Outcomes of model selection techniques confirmed that rapid letter and digit naming scores were independent predictors of measures in both the first reading pass (initial landing position, refixation probability), as well as in measures associated with second pass reading and total word processing effort (regression probability, regression path time, second pass time, and total time). Similarly, individual performance in the word identification test pervasively predicted behavior in first reading pass (initial landing position, first and single fixation duration, gaze duration), as well as in later measures (regression path duration, second pass time).

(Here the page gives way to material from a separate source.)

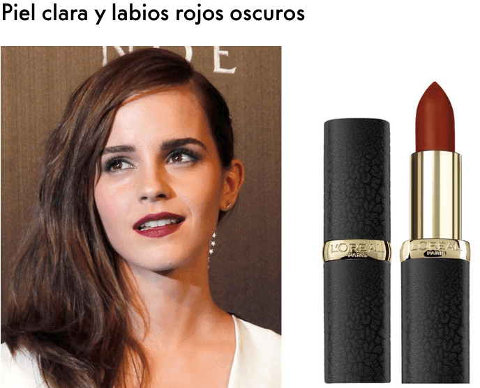 Para escapar del clásico rojo, apuesta por un rojo con matices marrones, al estilo de Emma Watson. Ideal para ojos oscuros como ella. En cambio, si son claros, apuesta por un tono más rosado. Para evitar que el labial te haga parecer demasiado pálida. En la imagen, la barra de labios ‘Color Riche Mate’ en el tono 348 Brick Vintage, de L’Óreal Paris.

In addition to these pervasive predictors of eye-movement measures, four tests showed independent predictivity for selected measures. The two versions of the Peabody Individual Achievement Test (listening: piatl and reading: piatr) showed significant effects on all eye-movement measures associated with the first reading pass, with benefits for higher scorers as follows: initial landing position further into the word [piatr (confirmed by the best-subset selection though not by mediation analysis): effect size = 0.3 characters; β = 0.090; SE = 0.041; p = 0.028], as well as reduced first fixation duration [piatr: effect size = −43 ms; β = −13.143; SE = 2.734; p < 0.001], single fixation duration [piatr: effect size = −57 ms; β = −17.461; SE = 3.313; p < 0.001], and gaze duration [piatr: effect size = −93 ms; β = −28.463; SE = 5.017; p < 0.001]. Unsurprisingly, effects of the listening version of the Peabody Individual Achievement Test comprehension test (piatl) were very similar to those of the reading version (piatr). For most dependent variables related to the first pass reading, either the listening or the reading version of the test came out as independent predictors (see Columns 3–4 in Table 4).

In contrast to the early influence of Peabody Individual Achievement Test comprehension tests, the digit memory span (digmem) test and the nonword repetition (nwrep) test only exerted influences on eye-movement measures after the first reading pass. Thus, higher scores in the digit memory span task (digmem) elicited significant effects on second pass duration [effect size = −92 ms; β = −20.726; SE = 8.683; p < 0.001] and total fixation time [effect size = −162 ms; β = −35.032; SE = 10.672; p < 0.001]. While the nonword repetition test came with reduced second pass duration [effect size = −105 ms; β = −26.423; SE = 8.206; p < 0.001] and total fixation time [effect size = −108 ms; β = −27.140; SE = 11.187; p = 0.013], its independent predictivity was only confirmed by the mediation analysis for total time fixation.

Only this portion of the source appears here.